- Angst versus angst
- Symptomen
- Lichamelijk functioneren
- Cognitieve symptomen
- Gedragssymptomen
- Oorzaken
- Behandeling
- Referenties
De angst is een emotionele toestand die verschijnt als een reactie op een onbekend gevaar of een afdruk die als gevaarlijk wordt geïnterpreteerd. Het gaat meestal gepaard met intens psychisch ongemak en kleine veranderingen in het functioneren van het lichaam.

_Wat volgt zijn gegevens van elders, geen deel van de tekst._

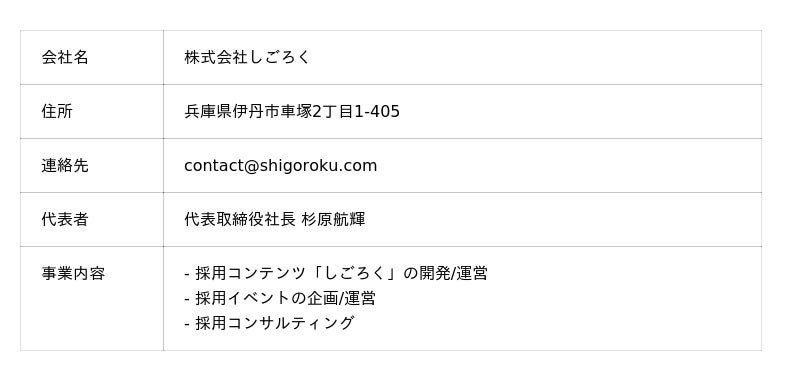 - メール:contact@shigoroku.com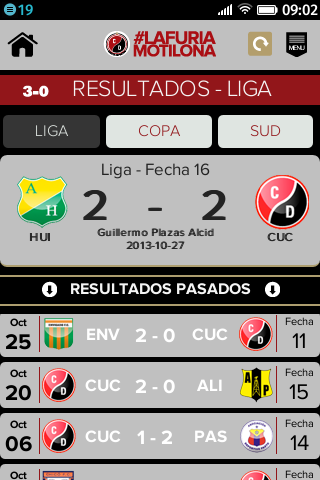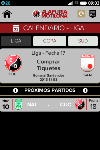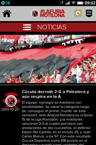 Aplicación del doblemente glorioso del fútbol colombiano ¡Creada por hinchas para hinchas! Esta versión de la aplicación del Cúcuta Deportivo, te permitirá encontrar de manera rápida, ágil y sin rodeos, toda la información que necesitas saber del equipo motilón. Comparte a través de tus redes sociales, el orgullo de ser hincha del doblemente glorioso utilizando la etiqueta #LaFuriaMotilona En esta aplicación podrás encontrar: • Noticias cortas y concretas sobre el presente del club • Resultados actualizados en tiempo real. • Estadísticas y tablas de posiciones de todos los torneos en los que el club se encuentra participando. • Calendarios con la información actualizada sobre los partidos que el club esté por enfrentar, en todos los torneos en los que se encuentre participando. • Información minuto a minuto de los partidos del club, con actualizaciones sobre todo lo que va aconteciendo en el campo, ¡EN TIEMPO REAL! • Información actualizada sobre el plantel profesional del club (posición, lugar y fecha de nacimiento, estatura, peso, etc). ¡Conoce y ten a la mano la lista de jugadores e ídolos que lo hacen grande! • Acceso directo a las redes sociales oficiales del club, donde podrás interactuar con otros hinchas como tu.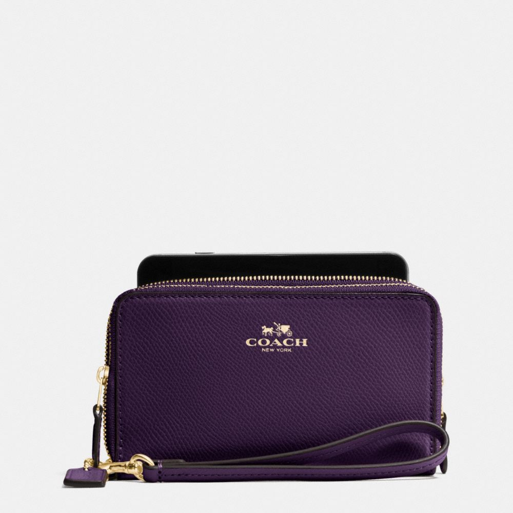 DOUBLE ZIP PHONE WALLET IN CROSSGRAIN LEATHER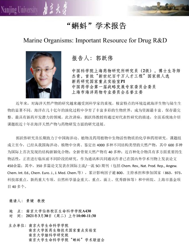 “蝌蚪”学术报告:Marine Organisms: Important Resource for Drug R&D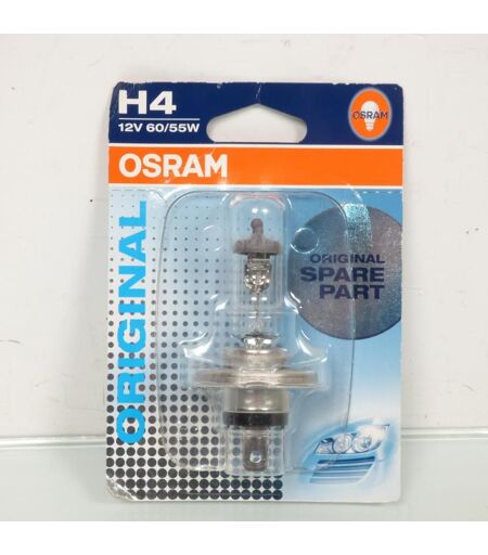 Ampoule halogène blanche H4 P43t 12V 60/55W neuve de marque OSRAM gamme Original. Caractéristiques : - Marque : OSRAM. - Gamme : Original (standard). - Type ampoule : H4. - Culot : P43t. - Tension : 12V. - Puissance : 60/55W. - Diamètre du culot : 22/43mm. - Diamètre du verre : 16mm. - Longueur totale de l'ampoule : 78mm. Vendue nue à l'unité. Livrée conforme à la photo. ...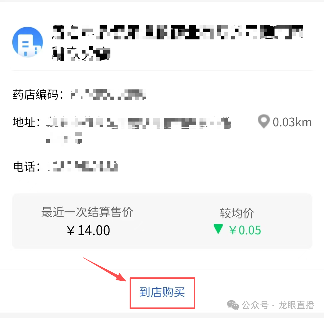 ⑤应用按距离遐迩、按结算价钱升降序等筛选功能,定位最优购买点,点击“到店购买”,按照导航快速购药。
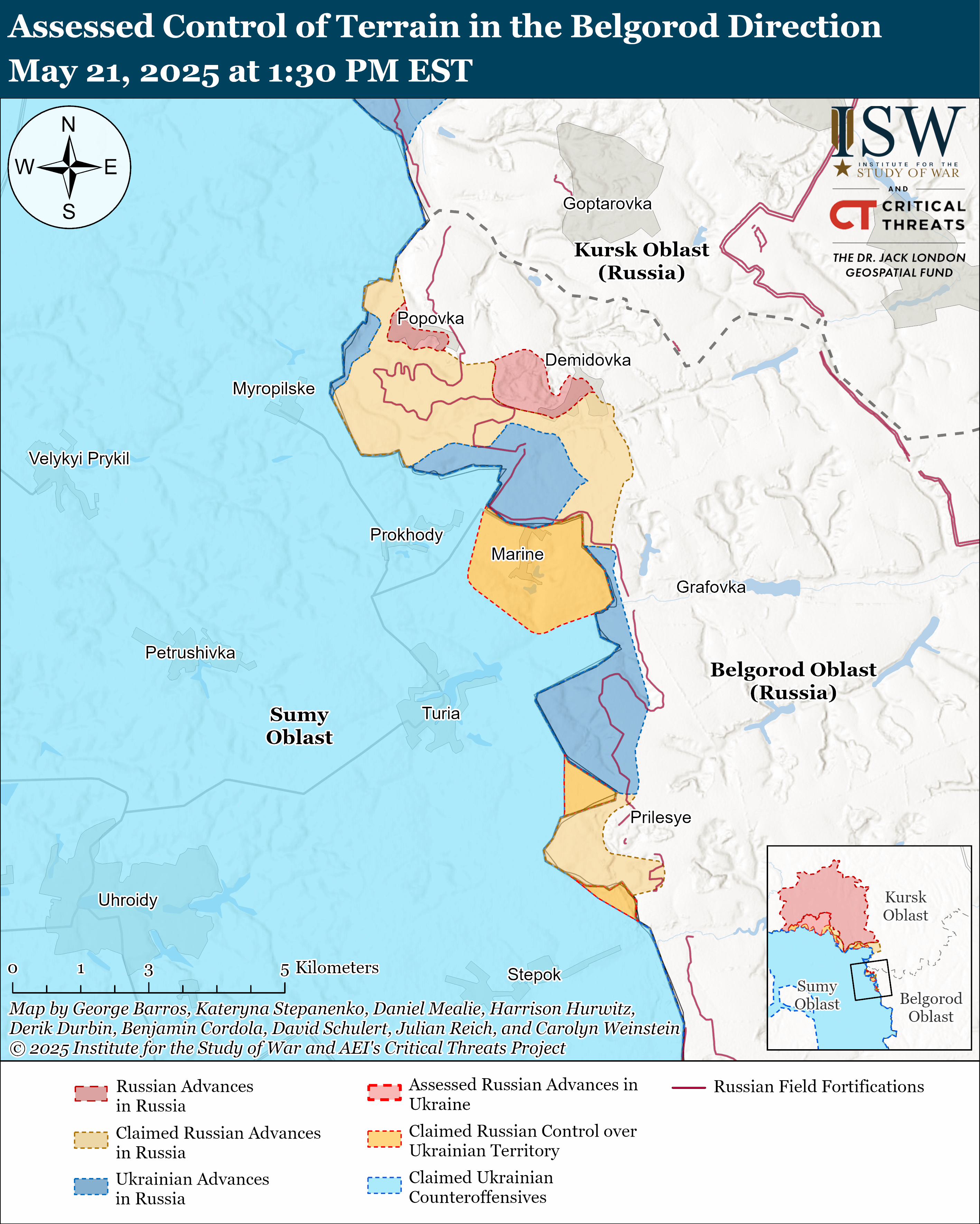 - 21 мая российские источники заявили, что украинская диверсионно-разведывательная группа (ДРГ) вошла в Брянскую область, причем аж за более чем 70 километров от границы. Речь идет о поселениях Субботово и Мякишево к юго-западу от Брянска и о Суземском (к югу от Брянска) и Трубчевском (к юго-западу от города) районах. ISW не обнаружил доказательств этих утверждений.

De belangrijkste symptomen van angst zijn een versnelde hartslag, trillingen, overmatig zweten, een beklemmend gevoel op de borst en kortademigheid. Deze sensaties gaan gepaard met een reeks gedachten en een gespannen mentale toestand.
De sensaties die verwijzen naar de angst en de psychologische toestand die worden gegenereerd, verschijnen meestal onverwacht. Evenzo kan het veranderen in een psychopathologie die bekend staat als paniekstoornis wanneer het op een zeer intense en terugkerende manier optreedt.
De oorzaken van leed kunnen zeer divers zijn; er is geen enkele factor die zijn uiterlijk kan veroorzaken.
Angst versus angst
Bij het definiëren en afbakenen van angst is het belangrijk om het te onderscheiden van angst.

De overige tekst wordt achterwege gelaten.